The researchers were thus able to observe that in humanized mouse models of Lupus, a single injection of CAR-Treg was sufficient to reduce inflammation and restore the natural balance of the immune system. The organs affected by the disease, particularly the lymphoid organs, regained normal function following the infusion, eradicating the disease.

The researcher continues:

Following the infusion of CAR-Tregs, it was possible to observe the response of each organ that was first compromised due to the disease. For example, the lungs of the lupoid mouse models exhibited an inflammatory reaction characterized by granulomatous-type lesions; following treatment, not only was inflammation reduced by 60%, but lung structure was found to be preserved.

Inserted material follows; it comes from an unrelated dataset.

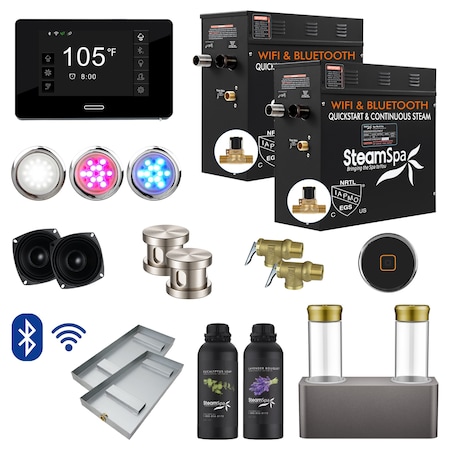 6KW Steam Bath Generator, Fully Wireless Remote, BLUETOOTH, WIFI, Auto Drain, Brushed Nickel
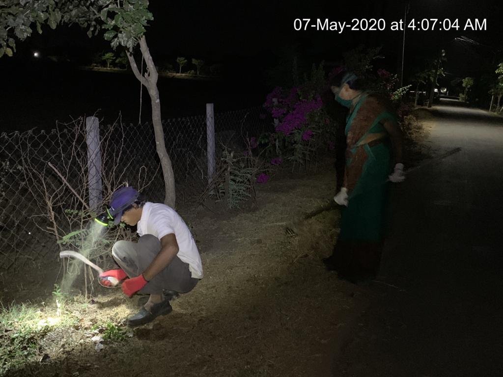 గంగులవారిపాలెం దారి మలుపు దగ్గరి ప్రైవేటు నివేశన స్థలాలను 20 మంది – 40 పని గంటలపాటు శ్రమించి. దర్శనీయాలుగా మార్చడమే ఈ రోజు ముందుగా ప్రస్తావించుకోవాలి. ఎగుడు – దిగుడు దిబ్బల మీద పొదలుగా అల్లుకొన్న తీగలతో, ఉత్తరేణి కంపతో సీమ చింత చెట్లతో, చిక్కులు పడి పెరిగిన ఇంగ్లీష్ తుమ్మ చెట్లతో, పిచ్చి మేడి మొక్కలతో చిట్టడవిగా మారిన ఆ ప్రాంతాన్ని – చీకట్లోనే నరికి, ఊడ్చి రెండు పెద్ద గుట్టలుగా పేర్చారు. ఇందుకు కత్తులు, గొడ్డళ్ళు, మర రంపాలు కావలసి వచ్చాయి.

A possible therapy for autoimmune diseases and beyond

All the reagents that were used in the study are already compatible with the clinic. We hope that our research will soon embark on the necessary process of developing a specific drug for other autoimmune diseases as well, not just Lupus. In addition, we have hypothesized, but for the moment it remains only a hypothesis, to use CAR-Tregs in organ transplantation to prevent rejection or in bone marrow transplantation to control GVHD (graft versus host disease): thanks to their immunoregulatory capacity they might be able to drastically reduce the probability that the transplanted organ will be rejected,

Professor Bonini concludes.

The CAR-Treg technology developed in this research has been patented and is ready to embark on the path to transform it into an innovative therapy for SLE patients.

The study was funded by the Ministry of Research and University (PRIN 2017WC8499; PRIN 2022SLL3YZ), the Ministry of Health and the Alliance Against Cancer (CAR T Current Research Project: RCR-2019-23669115), the EU IMI initiative (T2EVOLVE consortium) to CB and was partially supported by the Ministry of Health (Finalized Research Grant No. GR-2016-02364847).